Вдруг раздался прерывистый гудок мотовоза. Виктор резко выглянул из вагона по ходу его движения и, повернувшись ко мне, показывал рукой в сторону леса. Я увидел медленно прыгающего от дороги зайца, скрывшегося из луча прожектора мотовоза в предрассветной мгле, в лесу
Виктор пояснил, что многие обитатели леса почему-то любят выходить на узкоколейку и машинисты всегда гудком провожают их, убегающих с дороги и добавил, что по предположению Силича: лесная живность мажется мазутом, которого достаточно на рельсах и шпалах и тем самым спасается от клещей.
Уже начинало понемногу светать и где-то на полпути Виктор, обратил моё внимание на дали видневшиеся слева.
Вид открывался красивый – поезд медленно шёл по уступу на склоне, выше верхушек деревьев, растущих с левой стороны и вся громадная, пологая котловина уходила влево от дороги плавным спуском до реки Учавы. Мне показалось, что в предрассветной, уже слабой мгле, вдалеке, мелькнул огонёк, о чём я и сказал Виктору. Он пояснил, что мне не показалось. Это село Нижнее Жило на том берегу, до него километров десять.
Проехав два разъезда (метров по сто двойных путей со стрелками на обоих концах), на одном из них, в стороне, стояла старая избушка без крыши, с поросшим травой потолком, «экспресс» добрался до третьего разъезда около самого поселка, скрытого лесом. Здесь мотовоз отцеплял вагон и перегонялся по разъезду, прицеплялся сзади вагона и подавал его, толкая впереди себя, в посёлок.
Виктор пояснил, что они обычно выходят на разъезде, но он решил показать мне посёлок. Поэтому нам пришлось возвращаться метров сто обратно, к разъезду и направиться по старой ветке, отходящей от него в нашу сторону.
В начале нашего пути я снова, мысленно, пожелал себе удачи. Это не значило что-то материальное, просто что бы всё обошлось хорошо и всем было хорошо.
Посовещавшись, мы решили не расходиться на две дороги, а идти вместе. Он предложил, на обратном пути пройти другой дорогой, чтобы и о ней у меня сложилось представление.

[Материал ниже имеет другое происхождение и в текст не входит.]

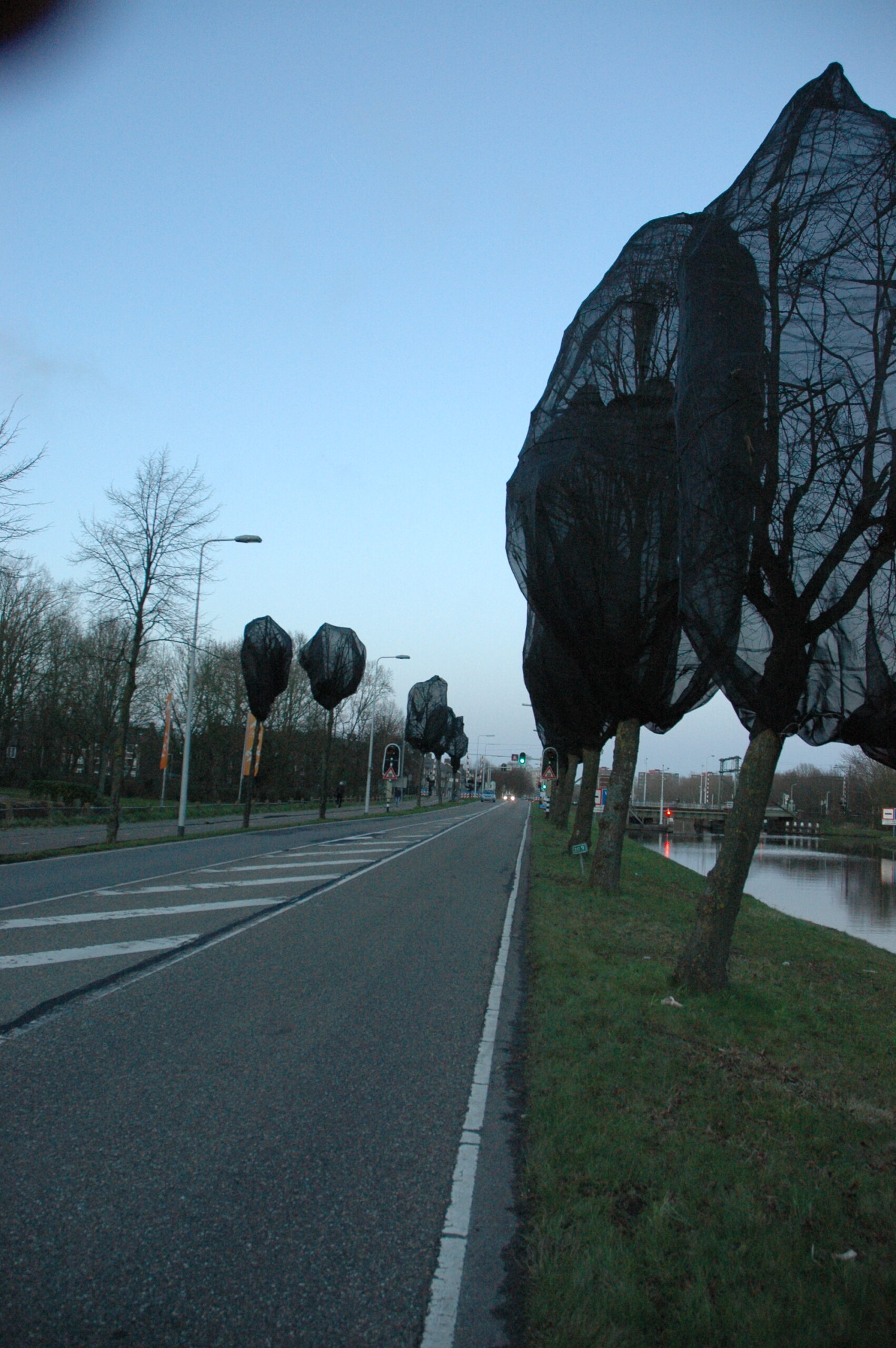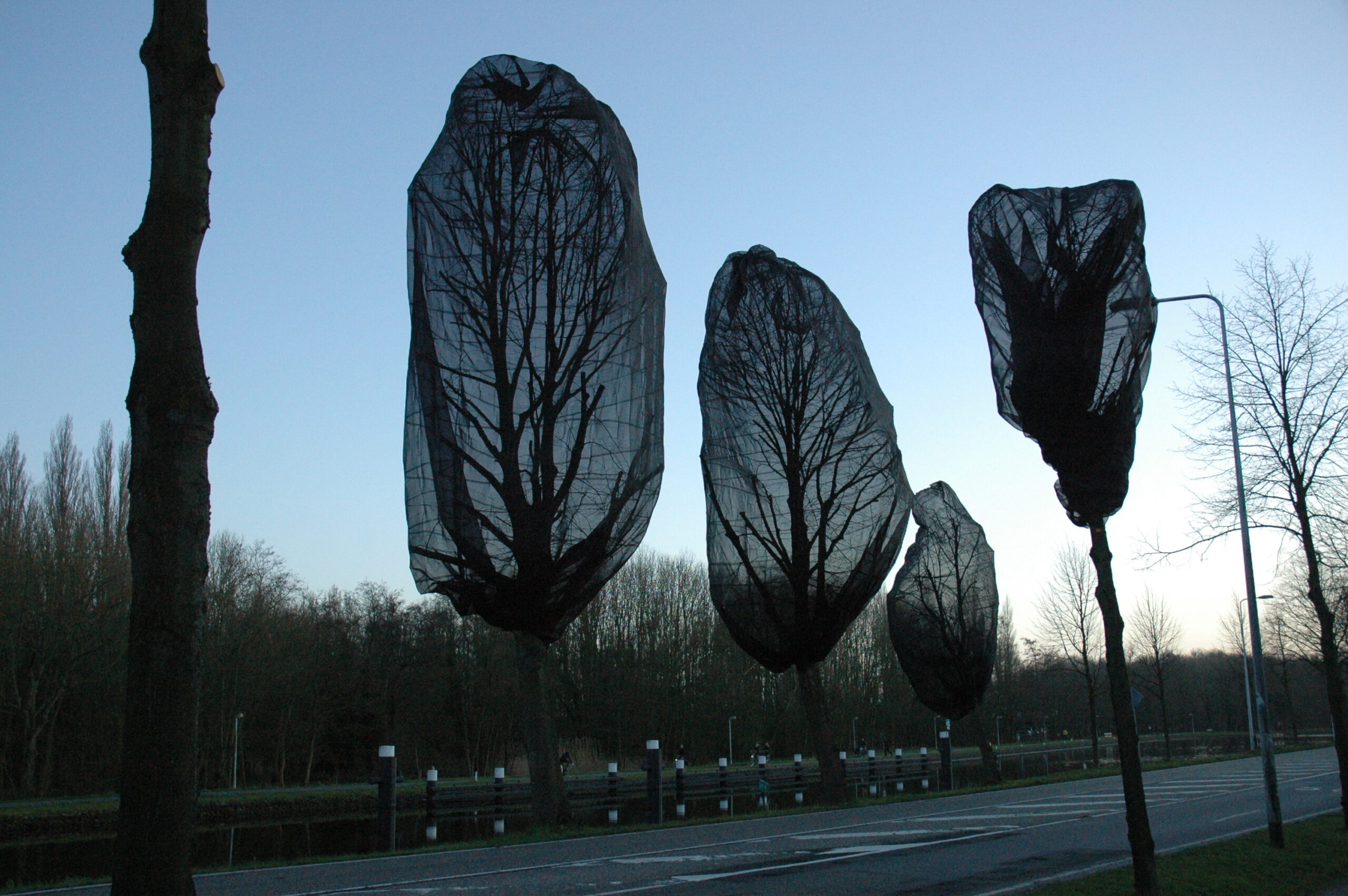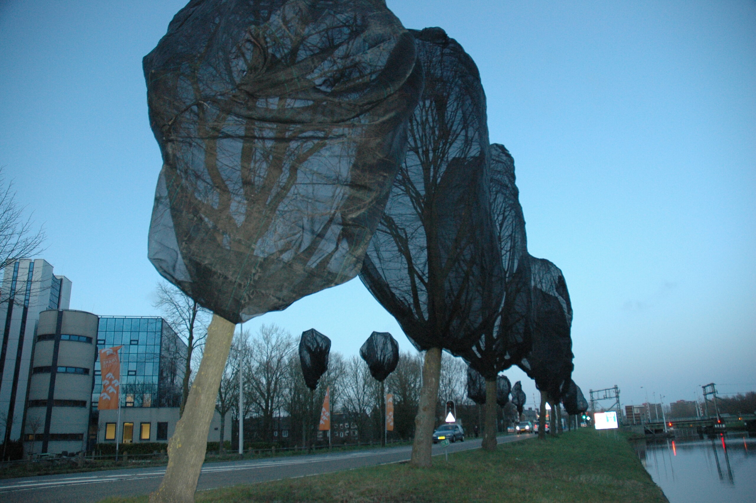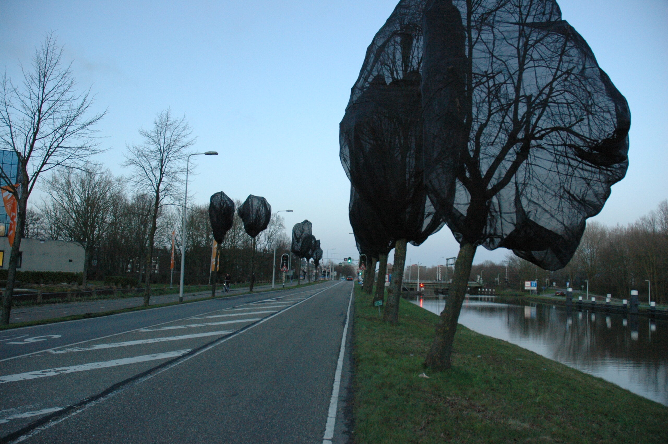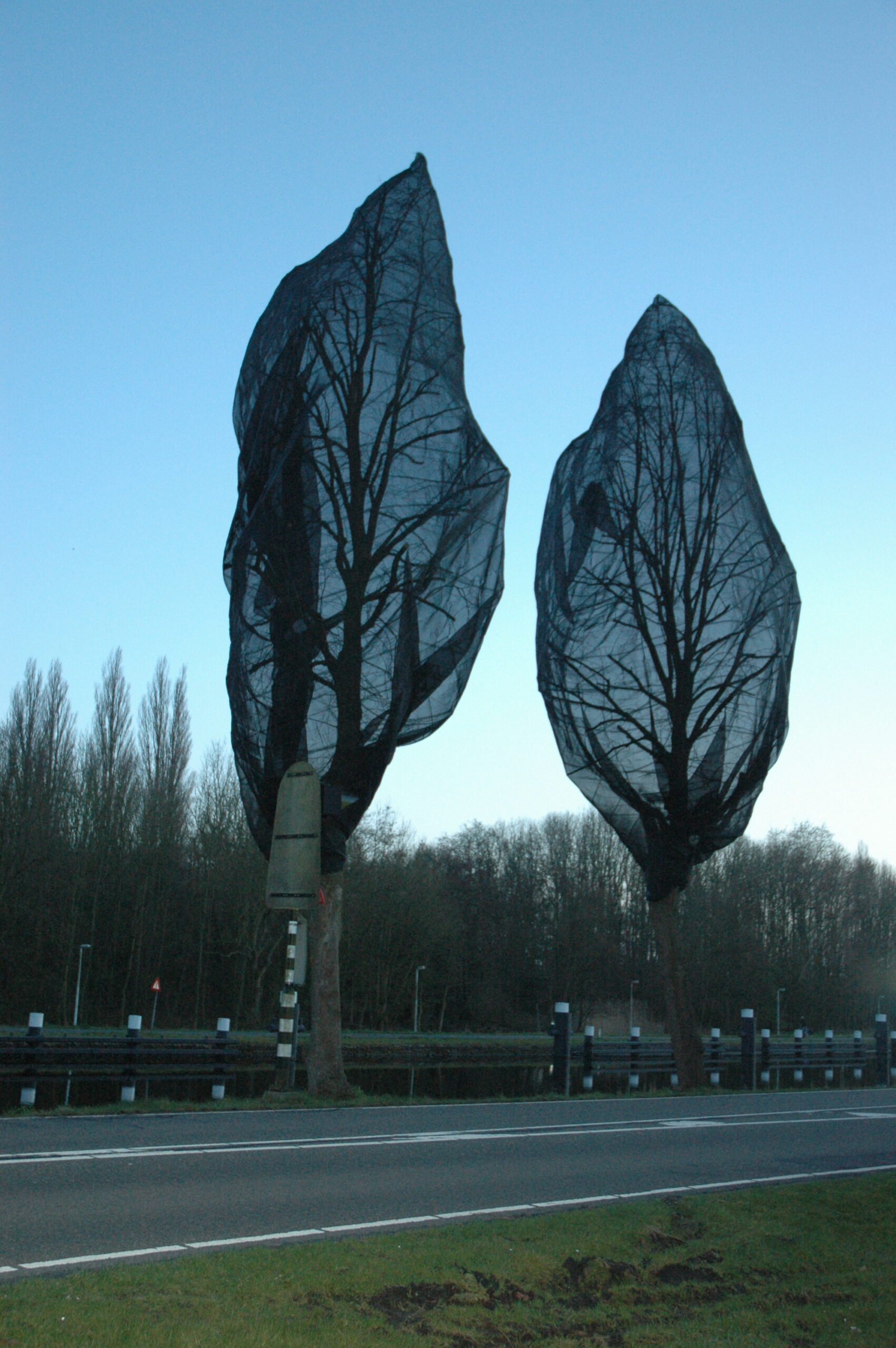 Ze worden massaal gefotografeerd. De ingepakte bomen langs de Kanaalweg ter hoogte van de spoorwegovergang. Hert lijkt wel een kunstwerk, maar de netten om de bomen hebben een heel praktische reden. Ze moeten voorkomen dat vogels een nestje bouwen in de bomen die binnenkort omgezaagd worden.

Я насчитал два взлёта птиц, пока мы дошли до моста на реке Марье. Оба раза по два рябчика поднимались с земли далеко от нас и выстрелить по ним не удалось – они сразу скрывались в лесу, это являлось признаком большой, осторожности дичи – настёганности, как говорят охотники.
У моста через речку Марью мы устроили привал-днёвку. Варили на костре суп из концентратов и пили чай. Из наших разговоров на привале выяснилось, что у меня охотничий стаж больше чем у Виктора, если учитывать то, что я начал охотиться со времён своего деревенского детства. У Виктора в силу его городского происхождения такой возможности не имелось, но по добычливости и обширности географии своих охот он превосходил меня. Отдохнув, мы двинулись дальше, по еле заметной своротке, расположенной не доходя моста метров сто, Виктор указал мне ориентиры, по которым можно отыскать её и через час пути мы подходили к кордону Силича.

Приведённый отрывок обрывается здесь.